* Task directions:
Could you repeat the records below exactly, leaving the pictures out?

[Data for review]

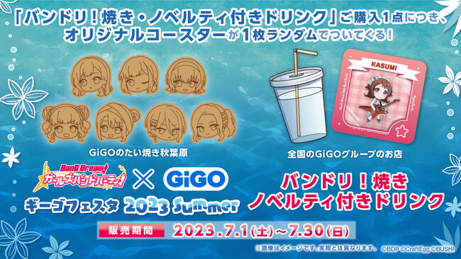 株式会社ブシロード(本社:東京都中野区、代表取締役社長:木谷高明)のグループ会社にあたる株式会社ブシロードクリエイティブ(本社:東京都中野区、代表取締役社長:成田耕祐)は、7月1日(土)より対象のGiGOグループのお店にて『バンドリ! ガールズバンドパーティ×GiGO ギーゴフェスタ 2023 Summer』の期間限定イベントを開催いたします。
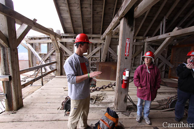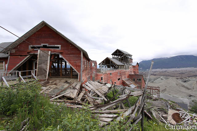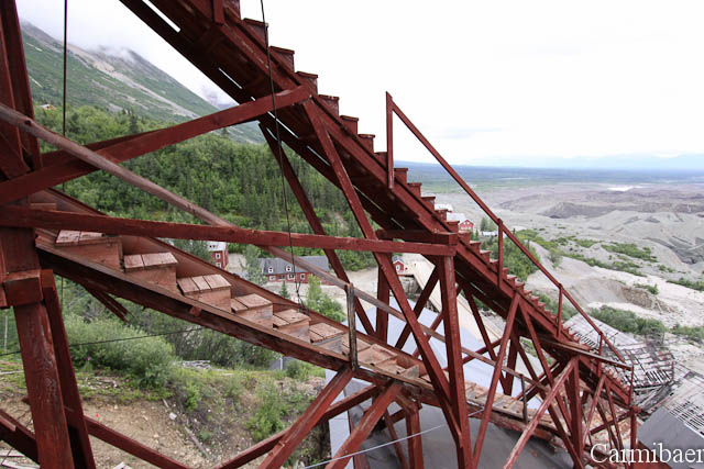 Um 9.30 h waren die beiden in Kennecott und gleich darauf ging die Führung los. Die Fahrt war schon sehr bumpy auf der unbefestigten Strasse, auch war diese nicht wirklich sehr breit. Die Führung hat 2 1/2 Std. gedauert und hat uns auch ins Innere der Mine geführt, wo man sonst nicht hinkommt. Carmen hat zwar nur einen kleinen Teil verstanden, aber auch für sie war es interessant. Sie hat viel gefilmt und Knut hat Bilder gemacht. Die Arbeit muss ja mal gerecht aufgeteilt werden. ![]()
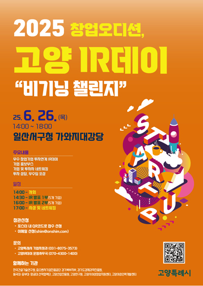 고양특례시는 오는 26일 일산서구청 가와지 대강당에서 창업오디션‘2025년 상반기 고양 아이알(IR)데이’를 개최한다고 밝혔다.
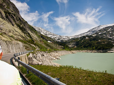 Grimsel pass is the least pretty of the major Swiss passes. What that means is that it's far better looking than any of the roads in the Sierras, and probably in the continental US. In the lower regions, it winds along bucolic farms and pretty houses (no MacMansions here!), alongside a running stream and river. In the middle section, it runs along waterfalls, gorges, and places where Canyoning is allowed. Nearly every tunnel has a bikeable bypass, including one which is almost a kilometer long with hand-laid cobbles (I know it was hand-laid because when Lisa and I last came by in 2003 we saw workers hand-laying them!). In the upper section it has no less than 3 reservoirs, each cascading into the other, generating clean power for the region. This accounts for the unsightly power-lines and pylons which you see all the way up the road.
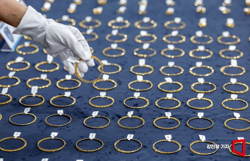 12일 인천공항세관 수출입통관청사에서 인천공항세관 직원이 금제품 등 국산으로 가장한 우회수출품을 공개하고 있다. 인천공항세관은 미국이 중국, 베트남, 인도네시아산 금 가공제품에 부과하는 고관세율을 회피하기 위해 금 가공제품(2839억원) 원산지증명서를 한국산으로 허위 조작하여 미국에 우회수출한 7개 업체를 적발했다.
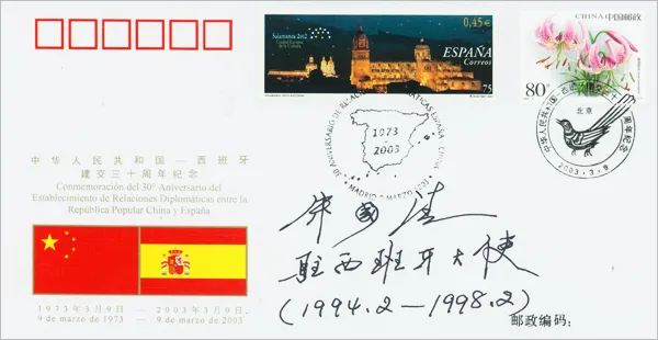 中国驻西班牙大使宋国清在中华人民共和国-西班牙共和国建交三十周年纪念封上签名。圣马力诺是世界上最小、最古老共和国之一,圣马力诺执政官即是国家元首、政府和大议会首脑,由两人共同担任,权力相等。接受外国使节国书时,两位执政官都必须在场。
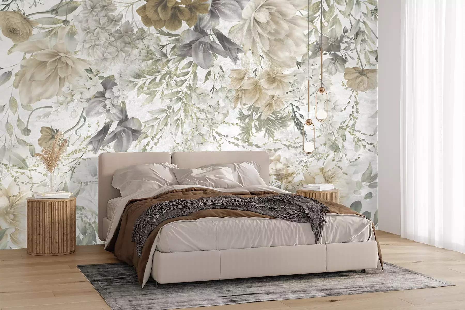 Het materiaal Premium+ is een gestructureerd vinyl op vlies met een gewicht van 255 g/m², dat kleine oneffenheden in de muur effectief camoufleert. De subtiele structuur van fijn zand geeft het oppervlak een exclusieve uitstraling, terwijl de halfmatte afwerking de diepte van de kleuren benadrukt. Het materiaal is dampdoorlatend, waardoor het ook in de keuken en badkamer kan worden gebruikt. De maximale breedte van één baan bedraagt 100 cm – bij grotere afmetingen wordt het fotobehang in meerdere gelijke banen verdeeld. De lijm wordt direct op de muur aangebracht en het behang wordt rand-aan-rand geplakt, wat zorgt voor een esthetisch resultaat zonder zichtbare naden. Het oppervlak kan gemakkelijk worden schoongemaakt door het voorzichtig af te nemen met een vochtige doek.
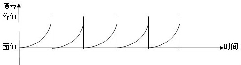 (4)折價(jià)發(fā)行的分期付息債券:整體呈上升趨勢(shì),在兩個(gè)付息日之間逐漸上升。
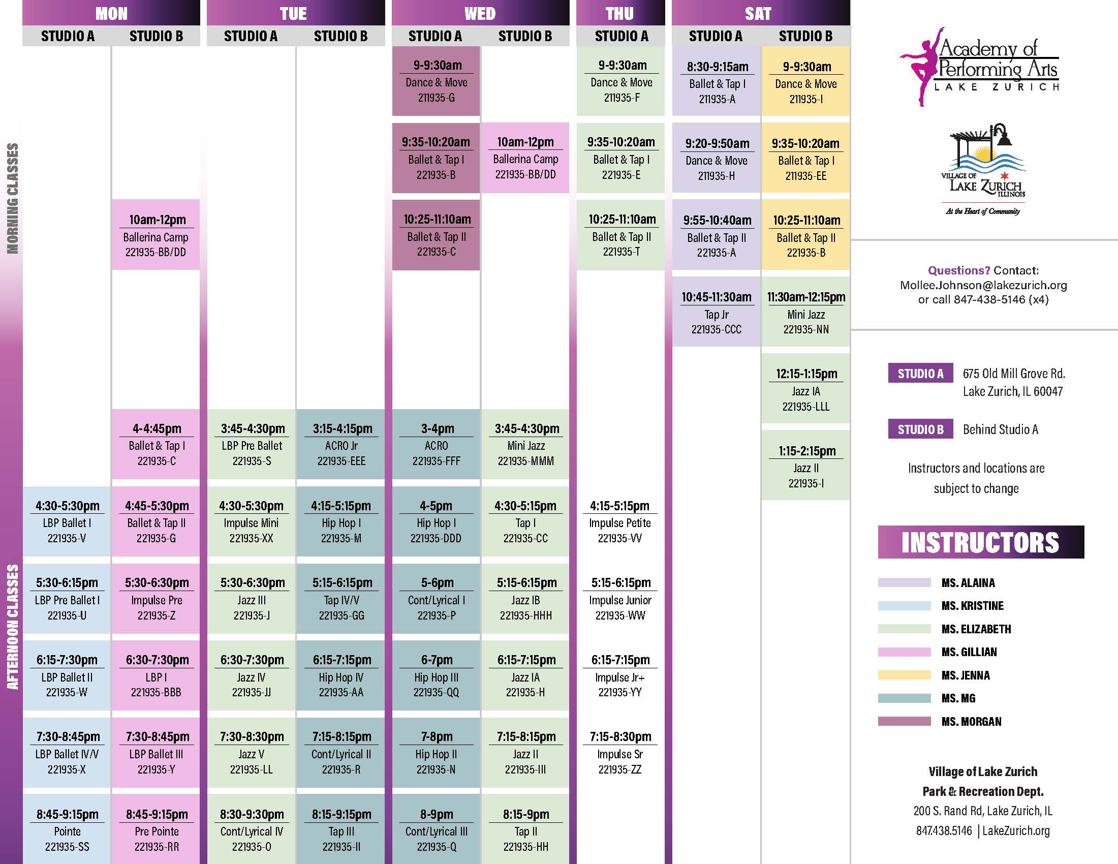 The Academy of Performing Arts Lake Zurich offers students an exceptional and progressive dance curriculum. We have class offerings appropriate for student’s two-and-half years old through elementary school, high school and beyond.
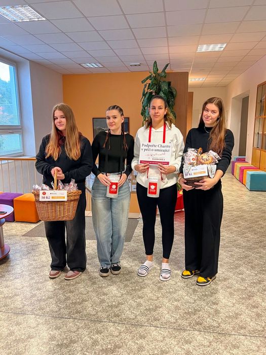 Ve středu 9. října 2024 se naše škola zapojila do tradiční akce „Koláč pro hospic“, který organizovala Oblastní charita Žďár na Sázavou. Formou dobrovolného příspěvku do kasičky měli lidé možnost přispět na podporu péče o těžce nevyléčitelně nemocné a umírající lidi a získat tak chutný koláč. Velké poděkování patří studentkám čtvrtého ročníku, které se do akce zapojily. Celá akce byla velmi zdařilá a jsme velmi rádi, že naše škola mohla přispět na dobrou věc.
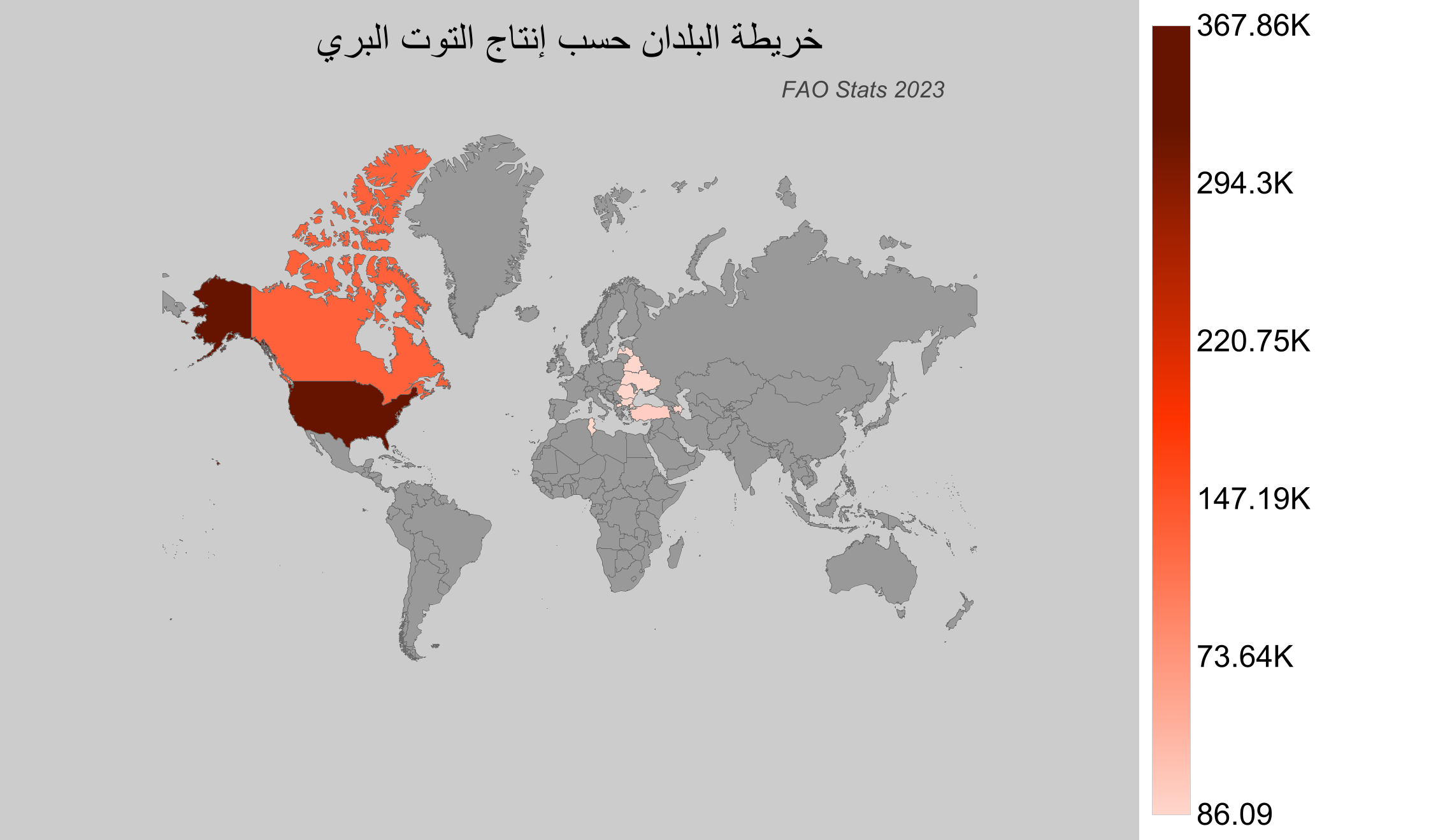 - مصر: وفقًا لبيانات FAO، مصر ليست من الدول المنتجة للتوت البري.
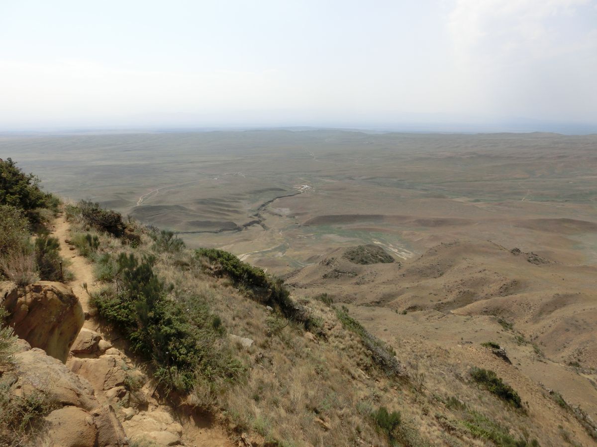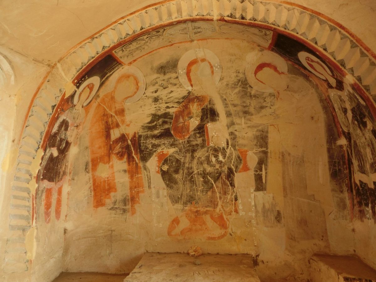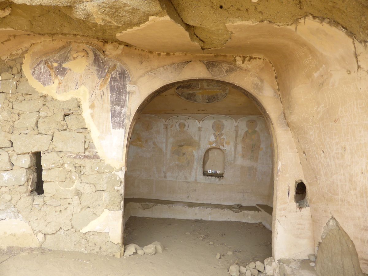 トビリシから車で約2時間半。後10kmの地点までは1時間半なのですが、残り10分の道が非常に悪いため40分以上かかりました。駐車場についてまずラヴラ修道院を見学。ここにいたるまででも結構きつい坂を登ります。この複合修道院は6世紀に設立されラヴラは多分13世紀頃にできた複合施設の中でも新しいほうです。かなりの部分が修復中でしたが、現役の修道院としての厳粛さを感じさせます。ここから急な山道を越えてウダヴノ洞窟修道院へ2時間超のトレッキングに入ります。この登山はかなりきついですので、足腰に自信がない方はやめた方がいいかもしれません。ツアー案内には「ウィーキングツアー」とありますが、そんな甘いものではありません。ちゃんとはきなれた靴をはいて十分に水の準備をして登ることをお勧めします。ただ登りきるとアゼルバイジャン国境方面の雄大な景色ときれいな色彩が一部残った洞窟修道院というご褒美が待っています。ちなみに下り坂もかなりきついです。現在でも人里離れてバスも入ってこれないような場所に、しかも6世紀のような昔に修道院を建てて(洞窟を掘って)修行しようとしたなあと宗教の力に感動します。車の移動や山登りはけして楽ではありませんが、苦労して見に行く価値のある場所です。
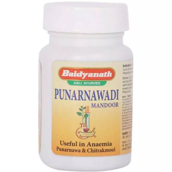 Punarnavadi Mandoor helps improve hemoglobin levels, combats anemia, supports lipid metabolism, and boosts the immune system. It's also beneficial for inflammatory conditions such as rheumatism, rheumatoid arthritis, and gout. It may also help with high blood pressure, abdominal pain, dermatitis, skin infections, varicose veins, and hemorrhoids.
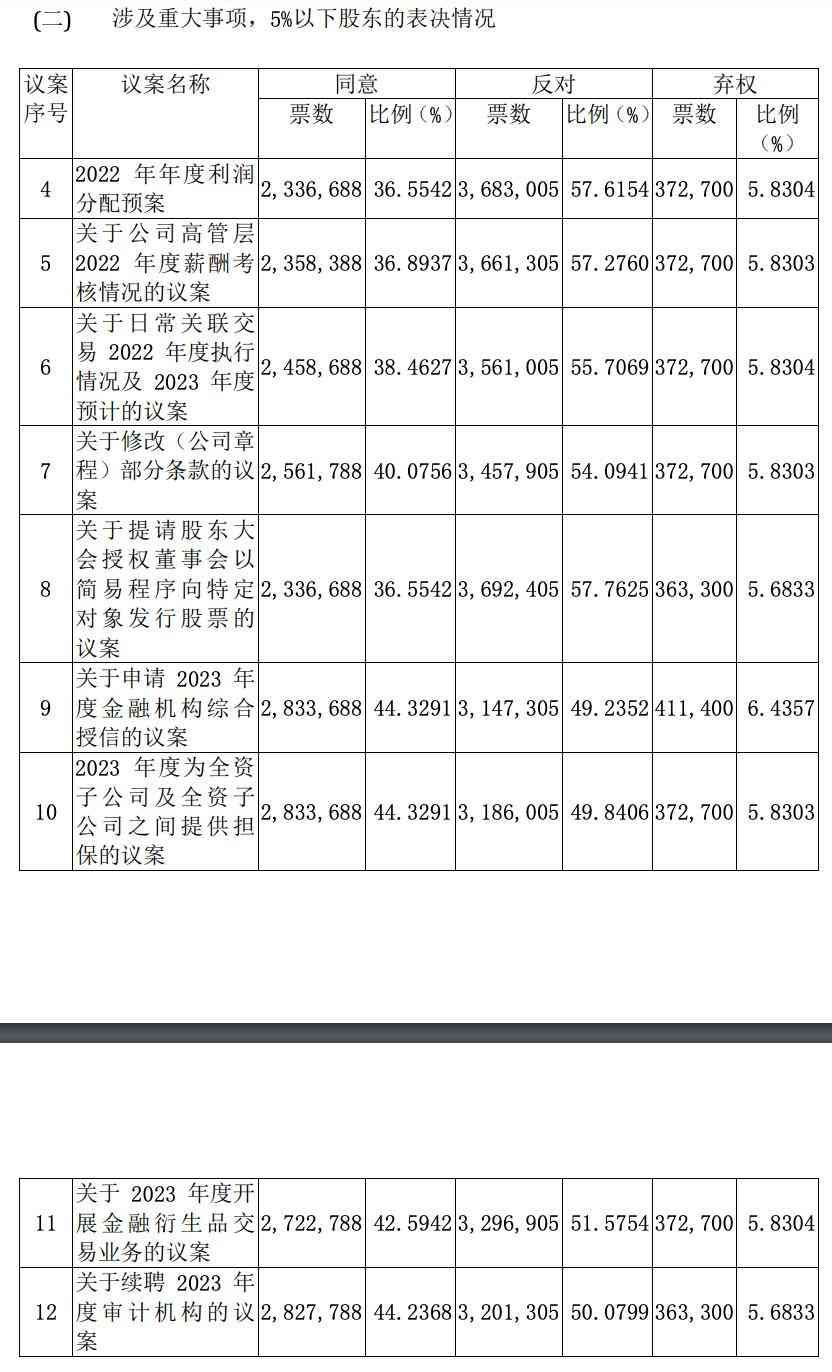 这一点,从龙头股份所披露的“涉及重大事情,5%以下股东的表决情况”也可窥见:9项所列议案无一例外地,均是反对票比例大幅压过同意票。
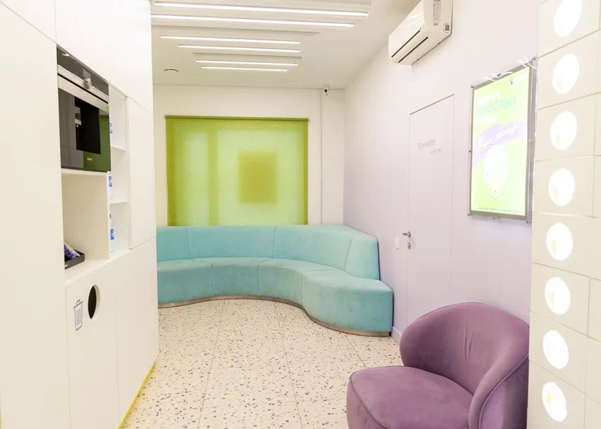 Предусмотрена раздельная зона ожидания для взрослых и детей, что позволяет каждому пациенту чувствовать себя комфортно и безопасно.
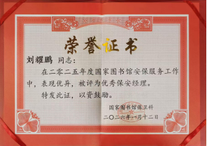 近日,我司驻国家图书馆项目安保团队传来喜讯。2026年1月12日下午,在国家图书馆保卫处召开的2025年度表彰大会上,我司安保团队1名驻场经理、4名班长、4名安检员及12名保安员受到客户单位表彰奖励。这份荣誉不仅是国家图书馆对安保团队过去一年工作的认可和肯定,更是对我司整体工作的鞭策与鼓励。

[/Data for review]

* Output below:
 株式会社ブシロード(本社:東京都中野区、代表取締役社長:木谷高明)のグループ会社にあたる株式会社ブシロードクリエイティブ(本社:東京都中野区、代表取締役社長:成田耕祐)は、7月1日(土)より対象のGiGOグループのお店にて『バンドリ! ガールズバンドパーティ×GiGO ギーゴフェスタ 2023 Summer』の期間限定イベントを開催いたします。
 Um 9.30 h waren die beiden in Kennecott und gleich darauf ging die Führung los. Die Fahrt war schon sehr bumpy auf der unbefestigten Strasse, auch war diese nicht wirklich sehr breit. Die Führung hat 2 1/2 Std. gedauert und hat uns auch ins Innere der Mine geführt, wo man sonst nicht hinkommt. Carmen hat zwar nur einen kleinen Teil verstanden, aber auch für sie war es interessant. Sie hat viel gefilmt und Knut hat Bilder gemacht. Die Arbeit muss ja mal gerecht aufgeteilt werden. ![]()
 고양특례시는 오는 26일 일산서구청 가와지 대강당에서 창업오디션‘2025년 상반기 고양 아이알(IR)데이’를 개최한다고 밝혔다.
 Grimsel pass is the least pretty of the major Swiss passes. What that means is that it's far better looking than any of the roads in the Sierras, and probably in the continental US. In the lower regions, it winds along bucolic farms and pretty houses (no MacMansions here!), alongside a running stream and river. In the middle section, it runs along waterfalls, gorges, and places where Canyoning is allowed. Nearly every tunnel has a bikeable bypass, including one which is almost a kilometer long with hand-laid cobbles (I know it was hand-laid because when Lisa and I last came by in 2003 we saw workers hand-laying them!). In the upper section it has no less than 3 reservoirs, each cascading into the other, generating clean power for the region. This accounts for the unsightly power-lines and pylons which you see all the way up the road.
 12일 인천공항세관 수출입통관청사에서 인천공항세관 직원이 금제품 등 국산으로 가장한 우회수출품을 공개하고 있다. 인천공항세관은 미국이 중국, 베트남, 인도네시아산 금 가공제품에 부과하는 고관세율을 회피하기 위해 금 가공제품(2839억원) 원산지증명서를 한국산으로 허위 조작하여 미국에 우회수출한 7개 업체를 적발했다.
 中国驻西班牙大使宋国清在中华人民共和国-西班牙共和国建交三十周年纪念封上签名。圣马力诺是世界上最小、最古老共和国之一,圣马力诺执政官即是国家元首、政府和大议会首脑,由两人共同担任,权力相等。接受外国使节国书时,两位执政官都必须在场。
 Het materiaal Premium+ is een gestructureerd vinyl op vlies met een gewicht van 255 g/m², dat kleine oneffenheden in de muur effectief camoufleert. De subtiele structuur van fijn zand geeft het oppervlak een exclusieve uitstraling, terwijl de halfmatte afwerking de diepte van de kleuren benadrukt. Het materiaal is dampdoorlatend, waardoor het ook in de keuken en badkamer kan worden gebruikt. De maximale breedte van één baan bedraagt 100 cm – bij grotere afmetingen wordt het fotobehang in meerdere gelijke banen verdeeld. De lijm wordt direct op de muur aangebracht en het behang wordt rand-aan-rand geplakt, wat zorgt voor een esthetisch resultaat zonder zichtbare naden. Het oppervlak kan gemakkelijk worden schoongemaakt door het voorzichtig af te nemen met een vochtige doek.
 (4)折價(jià)發(fā)行的分期付息債券:整體呈上升趨勢(shì),在兩個(gè)付息日之間逐漸上升。
 The Academy of Performing Arts Lake Zurich offers students an exceptional and progressive dance curriculum. We have class offerings appropriate for student’s two-and-half years old through elementary school, high school and beyond.
 Ve středu 9. října 2024 se naše škola zapojila do tradiční akce „Koláč pro hospic“, který organizovala Oblastní charita Žďár na Sázavou. Formou dobrovolného příspěvku do kasičky měli lidé možnost přispět na podporu péče o těžce nevyléčitelně nemocné a umírající lidi a získat tak chutný koláč. Velké poděkování patří studentkám čtvrtého ročníku, které se do akce zapojily. Celá akce byla velmi zdařilá a jsme velmi rádi, že naše škola mohla přispět na dobrou věc.
 - مصر: وفقًا لبيانات FAO، مصر ليست من الدول المنتجة للتوت البري.
 トビリシから車で約2時間半。後10kmの地点までは1時間半なのですが、残り10分の道が非常に悪いため40分以上かかりました。駐車場についてまずラヴラ修道院を見学。ここにいたるまででも結構きつい坂を登ります。この複合修道院は6世紀に設立されラヴラは多分13世紀頃にできた複合施設の中でも新しいほうです。かなりの部分が修復中でしたが、現役の修道院としての厳粛さを感じさせます。ここから急な山道を越えてウダヴノ洞窟修道院へ2時間超のトレッキングに入ります。この登山はかなりきついですので、足腰に自信がない方はやめた方がいいかもしれません。ツアー案内には「ウィーキングツアー」とありますが、そんな甘いものではありません。ちゃんとはきなれた靴をはいて十分に水の準備をして登ることをお勧めします。ただ登りきるとアゼルバイジャン国境方面の雄大な景色ときれいな色彩が一部残った洞窟修道院というご褒美が待っています。ちなみに下り坂もかなりきついです。現在でも人里離れてバスも入ってこれないような場所に、しかも6世紀のような昔に修道院を建てて(洞窟を掘って)修行しようとしたなあと宗教の力に感動します。車の移動や山登りはけして楽ではありませんが、苦労して見に行く価値のある場所です。
 Punarnavadi Mandoor helps improve hemoglobin levels, combats anemia, supports lipid metabolism, and boosts the immune system. It's also beneficial for inflammatory conditions such as rheumatism, rheumatoid arthritis, and gout. It may also help with high blood pressure, abdominal pain, dermatitis, skin infections, varicose veins, and hemorrhoids.
 这一点,从龙头股份所披露的“涉及重大事情,5%以下股东的表决情况”也可窥见:9项所列议案无一例外地,均是反对票比例大幅压过同意票。
 Предусмотрена раздельная зона ожидания для взрослых и детей, что позволяет каждому пациенту чувствовать себя комфортно и безопасно.
 近日,我司驻国家图书馆项目安保团队传来喜讯。2026年1月12日下午,在国家图书馆保卫处召开的2025年度表彰大会上,我司安保团队1名驻场经理、4名班长、4名安检员及12名保安员受到客户单位表彰奖励。这份荣誉不仅是国家图书馆对安保团队过去一年工作的认可和肯定,更是对我司整体工作的鞭策与鼓励。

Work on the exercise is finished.